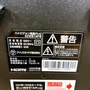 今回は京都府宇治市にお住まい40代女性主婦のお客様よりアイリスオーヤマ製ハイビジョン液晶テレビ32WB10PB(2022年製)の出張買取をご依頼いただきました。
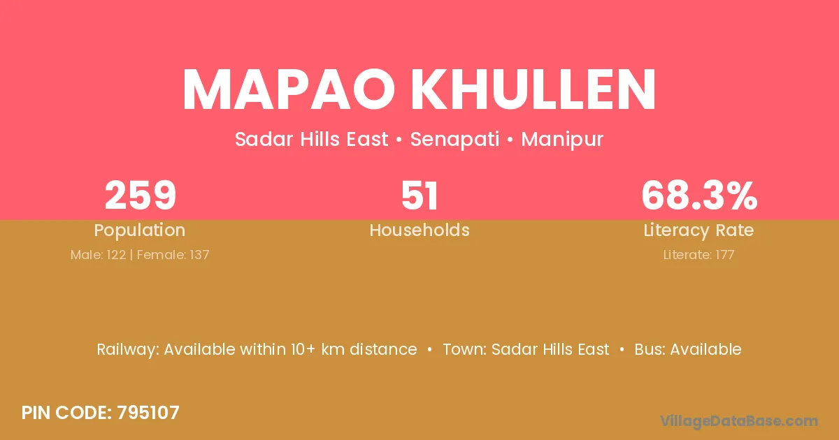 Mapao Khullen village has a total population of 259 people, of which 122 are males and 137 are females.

....................

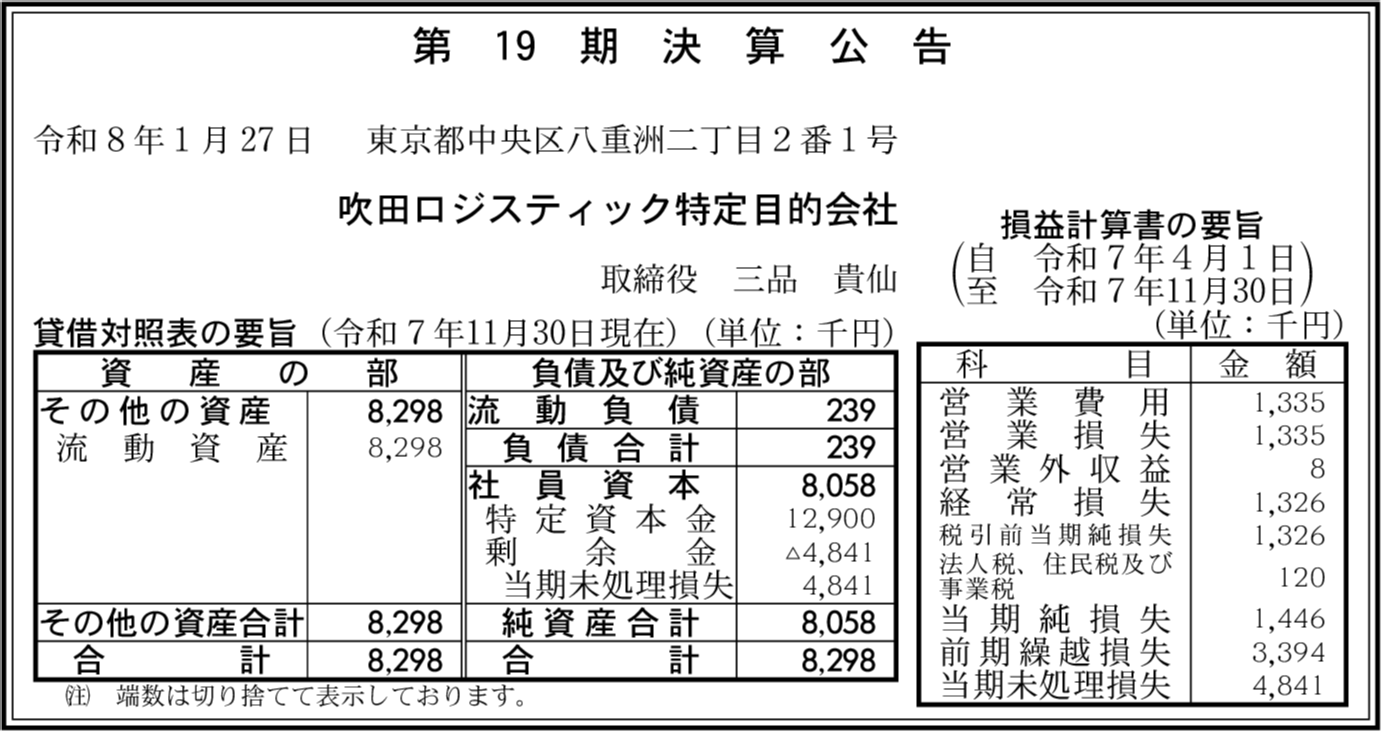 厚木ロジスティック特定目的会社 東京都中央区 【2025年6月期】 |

....................

_What you have to do_
Copy exactly the lines of the entries above from the one containing "今回は京都府宇治市にお住まい" through the one containing "Mapao Khullen village". Both end lines count; pictures do not.

_Task answer_
 今回は京都府宇治市にお住まい40代女性主婦のお客様よりアイリスオーヤマ製ハイビジョン液晶テレビ32WB10PB(2022年製)の出張買取をご依頼いただきました。
 Mapao Khullen village has a total population of 259 people, of which 122 are males and 137 are females.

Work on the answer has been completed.